Introduction: Given changes in trial recruitment and advances in therapy for HF we evaluated if patient characteristics and their outcomes in contemporary HF randomized controlled trials (RCTs) have changed over the years.
Methods: We conducted a systematic review of HF RCTs with >250 subjects from 8 high impact-factor journals from 1986-2014. We excluded device trials and trials specific to HF with preserved ejection fraction. We examined the demographics, use of medications, and predicted and actual events rates.
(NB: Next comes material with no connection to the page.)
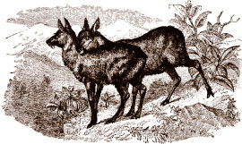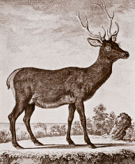 Благородный олень (Cervus elaphus) [или марал. – Здесь и далее примеч. ред. идут в квадратных скобках. ] отличается круглыми стволами и ветвями своих рогов, которые бывают только у самцов. Это красивое, стройное, изящное животное с широкой грудью и длинной головой, с живыми глазами, имеющими овальные зрачки. Из слезных ямок их вытекает жирная, кашицеобразная масса. Величина оленя – 1,85–2,15 м, причем 15 см занимает хвост, высота плеч 1,2–1,5; общий вес до 12 пудов [около 192 кг]. Самки меньше. Шерсть состоит из ости, серовато-бурой зимой и красновато-бурой летом, и пепельно-серого подшерстка. (А. Брэм. Жизнь животных, т. 1.)

Results: Earlier trials (prior to 2003) tended to have a longer follow up. Subjects in these trials were younger (63.5 yr v 64.0 yr), less likely to be male (74.5% v 78.3%), and more likely to be Caucasian (90.3% v 78.6%). Ejections fractions were similar. Subjects in earlier trials had a lower prevalence of myocardial infarction (42.7% v 64.1%), hypertension (50.2% v 69.5%), diabetes mellitus (24.9% v 35.0%), and atrial fibrillation (17.6% v 28.1%). They were also less likely to be on ACE-i/ARB (70% v 90.2%), beta blockers (50.1% v 86.5%), and spironolactone (11.8% v 45.8%), and more likely to be on digoxin (64.6% v 28.4%) or anti-arrhythmic (16.8% v 14.2%) medication. Diuretic use was similar. Predicted mortality rates in early trials ranged from 5-38% (median 12), and from 11-18% (median 13.5) in later trials. Actual event rates were reported in a non-uniform manner but when considering trials between 1-4 years in duration, all-cause mortality ranged from 9.1-44.1% (median 29.3) in early trials and 10.3-18.4% (median 15.1) in later trials (table).
Conclusion: Our systematic review found that the baseline characteristics of enrolled subjects in HF trials have changed significantly over the last 30 years. Minority participation is improving but not optimal and women remain under-represented. With the evolving therapies for HF mortality rates have fallen.